# Best elastic for shooting golf balls?



## Hawkman (Oct 18, 2012)

Sorry if I'm treading over old ground but my search function is playing up.
One of the guys at work has requested a golf ball catty and I was just wondering what you guys would recommend? Light and fast bands or big meaty bad boys? I've got some super heavy dub dub, fires 14mm lead no problem at all.


----------



## Charles (Aug 26, 2010)

Well, you do not want to make it too heavy for your friend to draw it. But golf balls are pretty heavy ammo. They make slingshots for shooting tennis balls for dogs to chase.

http://www.ebay.com/itm/Hyper-Pet-Tennis-Ball-Launcher-slingshot-for-dogs-/230640319253

http://www.amazon.com/Hyper-Products-0001-4-Ball-Launcher/dp/B000E9757I

By my scale, a golf ball is about 700 grains, while a tennis ball is about 1250 grains. So tubes suitable for tennis balls should be fine for golf balls ... even over kill.

The tennis ball launchers use tubes that appear to be pretty heavy duty.

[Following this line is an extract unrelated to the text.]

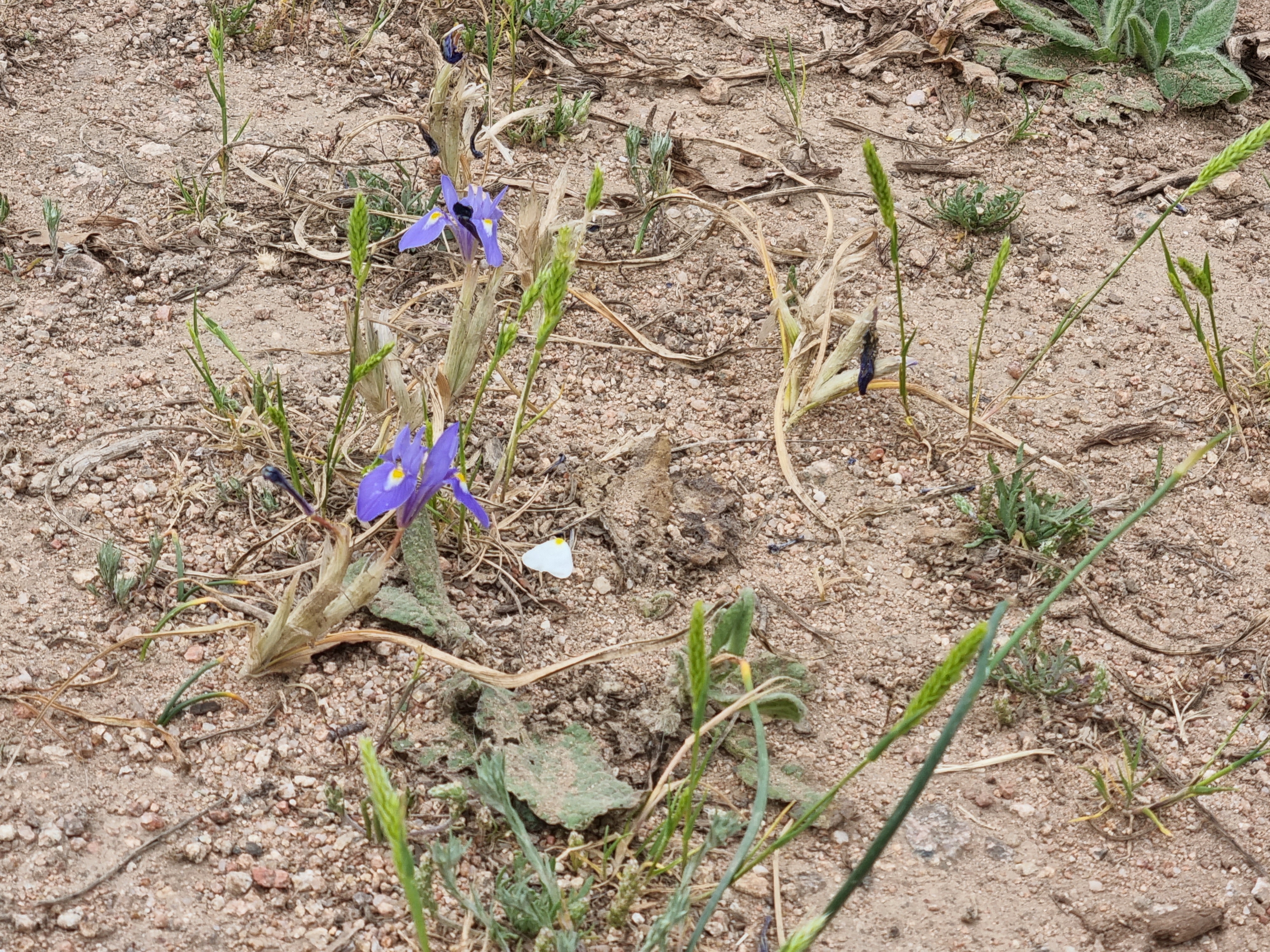 Quand le vent s’arrête, une pluie froide et têtue détrempe les chemins. C’est un paradis pour les fleurs de rocailles. Au milieu d’une piste, de minuscules iris ont réussi à écarter la terre et à éclore.
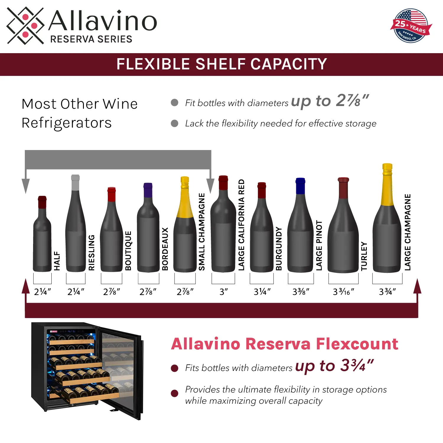 Our trademarked design provides the ultimate flexibility in storage options while maximizing overall capacity. The FlexCount wood slats allow storage for bottles with varying diameters without the need to remove any racks

I would try something like that to see how it works.

You have not indicated what sort of range your friend is hoping to get ... of course if the range is not far, then weaker bands will do.

Cheers ..... Charles


----------



## Hawkman (Oct 18, 2012)

Thanks Charles I never knew those existed. His request was for the longest possible distance so I'll probably go for the heavy tubes or maybe triple layered bands. Thanks again for sharing some wisdom.
John


----------



## AJhunt (Jun 3, 2012)

hey hawkman i have a friend that hunts with golfballs he uses green dub dub and makes a right mess of the game


----------



## Flatband (Dec 18, 2009)

Thick gauge Linatex will do it Hawkman! Flatband


----------



## Charles (Aug 26, 2010)

AJhunt said:


> hey hawkman i have a friend that hunts with golfballs he uses green dub dub and makes a right mess of the game


I'll bet the ricochets are awesome!!!!

Cheers ...... Charles


----------



## Hawkman (Oct 18, 2012)

Thanks fellas. I never thought about using golf balls as hunting ammo until I just imagined being struck in the head with one! Green dub dub 'ey? I have some of this enigmatic tubing.
Decided on a wrist braced, extended forks contraption for this one.


----------



## hickymick (Feb 23, 2011)

I find thera band tubing or dankung better than the Roylan or the silly name dub dub..


----------



## Imperial (Feb 9, 2011)

ive only shot golf balls with water balloon slingshots . so maybe tubing of similar strength ?


----------



## Hawkman (Oct 18, 2012)

I've gone for double blue asda flatbands at 30mm width. No golf balls to hand but I'll keep you posted with results.


----------